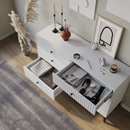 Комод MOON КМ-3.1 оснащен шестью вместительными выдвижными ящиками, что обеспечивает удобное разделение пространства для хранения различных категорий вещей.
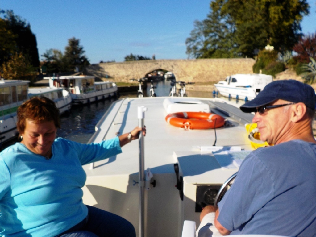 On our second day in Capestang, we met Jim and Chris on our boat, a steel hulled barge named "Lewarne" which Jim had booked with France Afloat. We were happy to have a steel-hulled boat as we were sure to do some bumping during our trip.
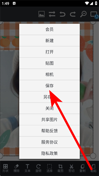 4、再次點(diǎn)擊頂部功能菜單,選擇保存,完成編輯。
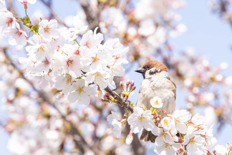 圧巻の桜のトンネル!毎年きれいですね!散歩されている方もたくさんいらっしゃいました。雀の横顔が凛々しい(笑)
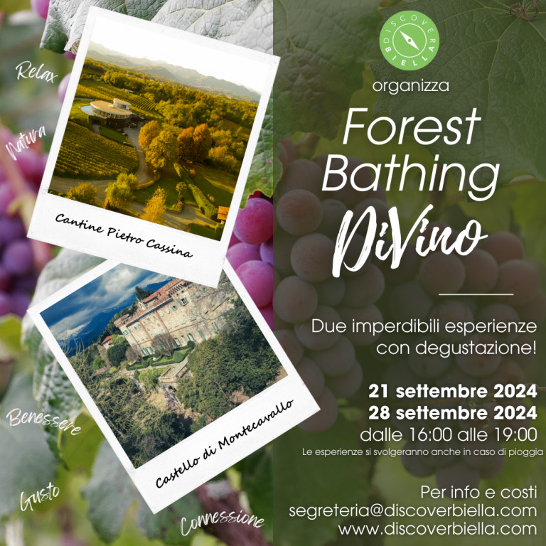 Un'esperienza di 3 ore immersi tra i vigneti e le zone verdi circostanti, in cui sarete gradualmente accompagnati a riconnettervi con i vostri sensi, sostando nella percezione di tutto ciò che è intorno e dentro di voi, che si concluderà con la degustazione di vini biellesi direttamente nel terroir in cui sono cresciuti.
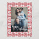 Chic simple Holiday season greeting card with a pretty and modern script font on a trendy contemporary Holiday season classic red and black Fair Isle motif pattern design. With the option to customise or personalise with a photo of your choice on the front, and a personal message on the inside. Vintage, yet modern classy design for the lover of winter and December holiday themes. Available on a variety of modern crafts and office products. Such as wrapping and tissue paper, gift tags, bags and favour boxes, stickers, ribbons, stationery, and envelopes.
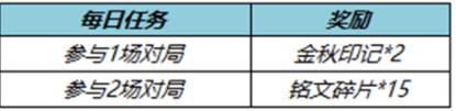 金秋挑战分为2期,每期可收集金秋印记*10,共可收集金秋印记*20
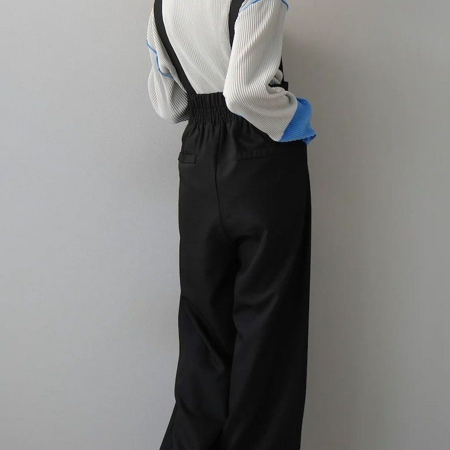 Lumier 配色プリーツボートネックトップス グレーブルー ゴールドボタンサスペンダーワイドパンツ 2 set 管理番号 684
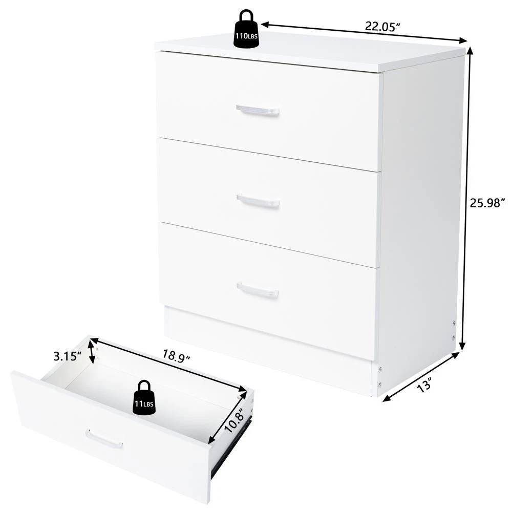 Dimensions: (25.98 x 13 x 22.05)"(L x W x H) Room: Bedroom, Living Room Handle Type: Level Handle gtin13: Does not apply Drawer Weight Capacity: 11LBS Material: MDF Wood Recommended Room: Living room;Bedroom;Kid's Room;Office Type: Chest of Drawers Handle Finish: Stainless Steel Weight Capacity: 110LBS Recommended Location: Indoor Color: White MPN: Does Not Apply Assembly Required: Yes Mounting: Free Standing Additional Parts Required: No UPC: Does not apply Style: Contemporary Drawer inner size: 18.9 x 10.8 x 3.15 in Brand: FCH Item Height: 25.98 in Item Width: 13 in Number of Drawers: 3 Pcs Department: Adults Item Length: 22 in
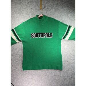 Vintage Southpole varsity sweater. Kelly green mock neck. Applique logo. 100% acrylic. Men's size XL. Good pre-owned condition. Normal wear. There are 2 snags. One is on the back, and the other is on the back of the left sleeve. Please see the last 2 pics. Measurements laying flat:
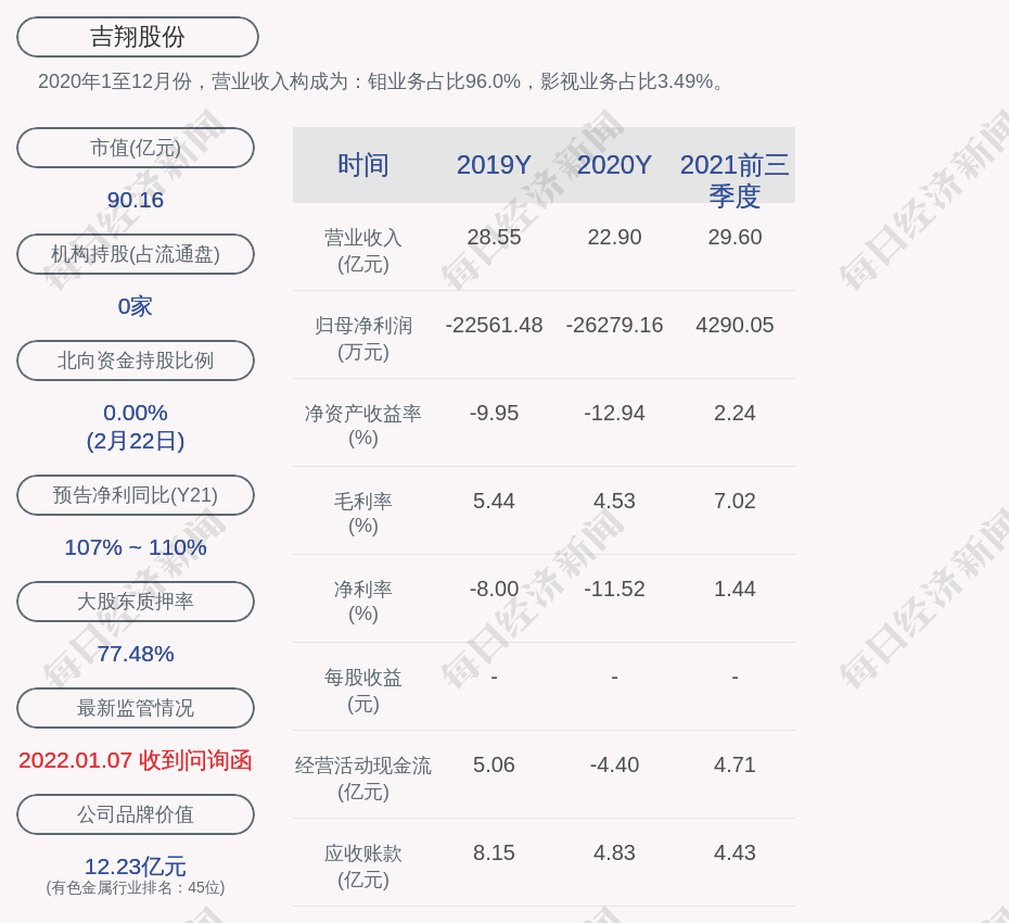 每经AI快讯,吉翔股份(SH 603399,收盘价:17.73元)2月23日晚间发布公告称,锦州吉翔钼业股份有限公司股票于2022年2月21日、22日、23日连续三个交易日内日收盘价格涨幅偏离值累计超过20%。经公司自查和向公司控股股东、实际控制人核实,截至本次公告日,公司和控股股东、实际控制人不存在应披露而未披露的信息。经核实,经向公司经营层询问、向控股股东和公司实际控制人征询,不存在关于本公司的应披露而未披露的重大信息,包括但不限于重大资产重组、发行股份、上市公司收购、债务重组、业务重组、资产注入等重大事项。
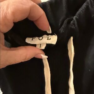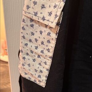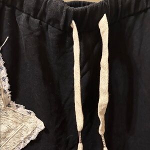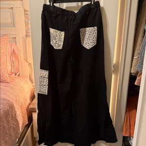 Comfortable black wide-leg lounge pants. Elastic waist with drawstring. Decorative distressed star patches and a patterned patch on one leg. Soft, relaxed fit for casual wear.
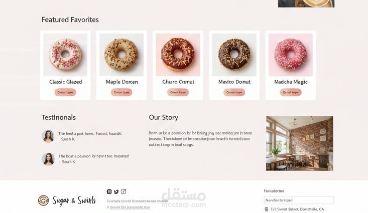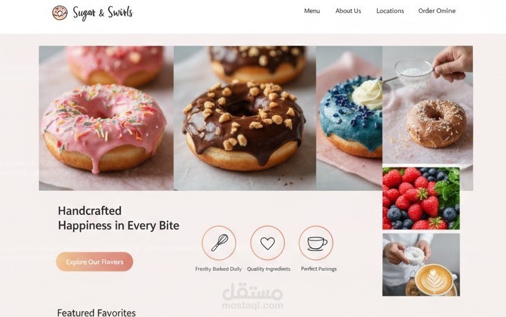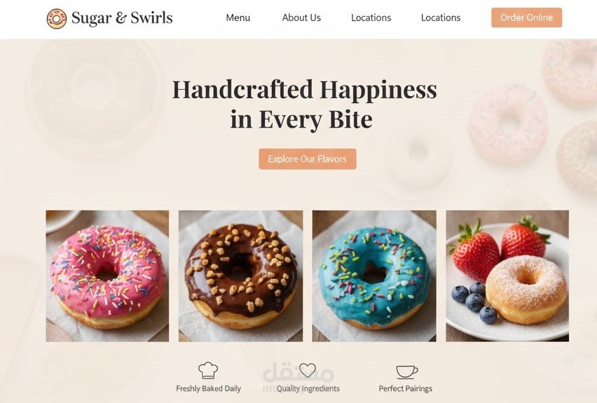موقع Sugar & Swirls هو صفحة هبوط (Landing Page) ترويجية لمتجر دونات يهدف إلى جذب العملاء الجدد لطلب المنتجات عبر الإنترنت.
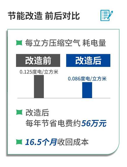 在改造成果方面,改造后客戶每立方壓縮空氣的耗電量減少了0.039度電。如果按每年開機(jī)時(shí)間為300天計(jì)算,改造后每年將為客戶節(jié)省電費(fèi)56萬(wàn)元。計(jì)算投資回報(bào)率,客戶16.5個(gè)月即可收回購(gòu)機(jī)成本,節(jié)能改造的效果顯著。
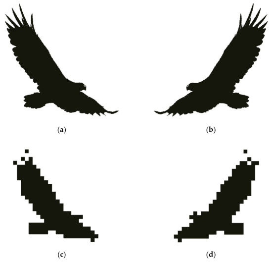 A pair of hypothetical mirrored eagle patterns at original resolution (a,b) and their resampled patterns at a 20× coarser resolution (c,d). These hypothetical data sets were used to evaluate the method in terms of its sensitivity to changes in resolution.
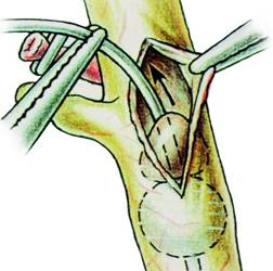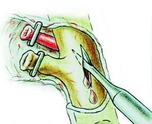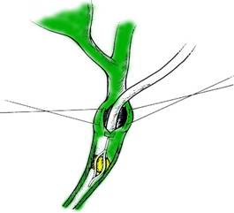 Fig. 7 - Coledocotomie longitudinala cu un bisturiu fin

# # # # # # #

— What to do —
Repeat the lines above, starting at the first and stopping after the line that holds "Un'esperienza di 3", with the pictures left out.

— Task answer —
 Комод MOON КМ-3.1 оснащен шестью вместительными выдвижными ящиками, что обеспечивает удобное разделение пространства для хранения различных категорий вещей.
 On our second day in Capestang, we met Jim and Chris on our boat, a steel hulled barge named "Lewarne" which Jim had booked with France Afloat. We were happy to have a steel-hulled boat as we were sure to do some bumping during our trip.
 4、再次點(diǎn)擊頂部功能菜單,選擇保存,完成編輯。
 圧巻の桜のトンネル!毎年きれいですね!散歩されている方もたくさんいらっしゃいました。雀の横顔が凛々しい(笑)
 Un'esperienza di 3 ore immersi tra i vigneti e le zone verdi circostanti, in cui sarete gradualmente accompagnati a riconnettervi con i vostri sensi, sostando nella percezione di tutto ciò che è intorno e dentro di voi, che si concluderà con la degustazione di vini biellesi direttamente nel terroir in cui sono cresciuti.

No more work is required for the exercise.